Over the “millions and millions” of reads and writes previously discussed, inevitably an mp3 would get corrupted or destroyed, and this would much be worse than occasionally having to restore your backed up iTunes library.
Phillip Winn
Asbjørn, much of the metadata is stored within the files themselves, in the form of ID3 tags. (So Anil can relax — he hasn’t lost title tweaks as long as he has the song files.) However, Apple — and other applications — often come up with bits of metadata that aren’t part of the ID3 spec. What then? Extend (and therefore splinter) the ID3 spec? That’s hardly playing nice with the community, and would earn Apple — or any other company — a lot of deserved grief. No, metadata outside the ID3 spec does need to be stored outside the MP3 files.
There are multi-user issues as well. While titles and album art and lyrics and such are intrinsically part of the song, a play count or a rating is unique to the combination of the song and the user, as are playlists. Some of my MP3 files are in both my library and my wife’s, and we definitely have different ideas about the rating for certain songs!
Mark
No, metadata outside the ID3 spec does need to be stored outside the MP3 files.
OK, but it’s still a long leap to the conclusion that such metadata “needs” to be stored in undocumented vendor-specific binary formats. (And no, the XML “backup” files that iTunes creates do not contain all the metadata that Anil cares about. In fact, they are lacking specifically the metadata that Anil cares about most.)
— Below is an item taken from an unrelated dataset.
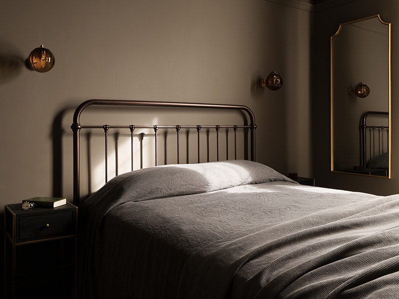 At the top floor of the house, the primary bedroom offers a moment of calm clarity - the space feels light and softened at the edges. It maintains a connection to the rest of the home through dark timber flooring and brass inlays but introduces muted textures and sculptural lighting to create a more serene atmosphere.

And once again, as has happened so many times in the past, it is amazing how quickly the discussion has shifted from “Apple destroyed my data” to “let’s all talk about backup strategies.” Yes, backing up my data is important. Hard drives fail. I do stupid things on the command line. My software destroys its one and only complete copy of my data. Hmm… one of these things is entirely preventable and its repeated occurrence is entirely the software vendor’s fault; see if you can figure out which one.
Asbjørn Ulsberg
That iTunes writes ID3 — is that a new feature? Because I’ve used iTunes since early version 6 and used the exact same MP3 that iTunes have managed in other applications and all the changes I’ve ever made in iTunes has never shown up in either of the other applications. Not artist name, not song title, not anything. Which is why I’ve drawn the conclusion that iTunes infact doesn’t “do” ID3 at all.
But if it does, I hereby withdraw my negative comment. And keeping non-standard-ID3 stuff out of the ID3 tag is of course the right thing to do. But Apple could extend ID3 openly as well, as long as they do it in a backwards compatible way and lets everybody know how and why they are doing it.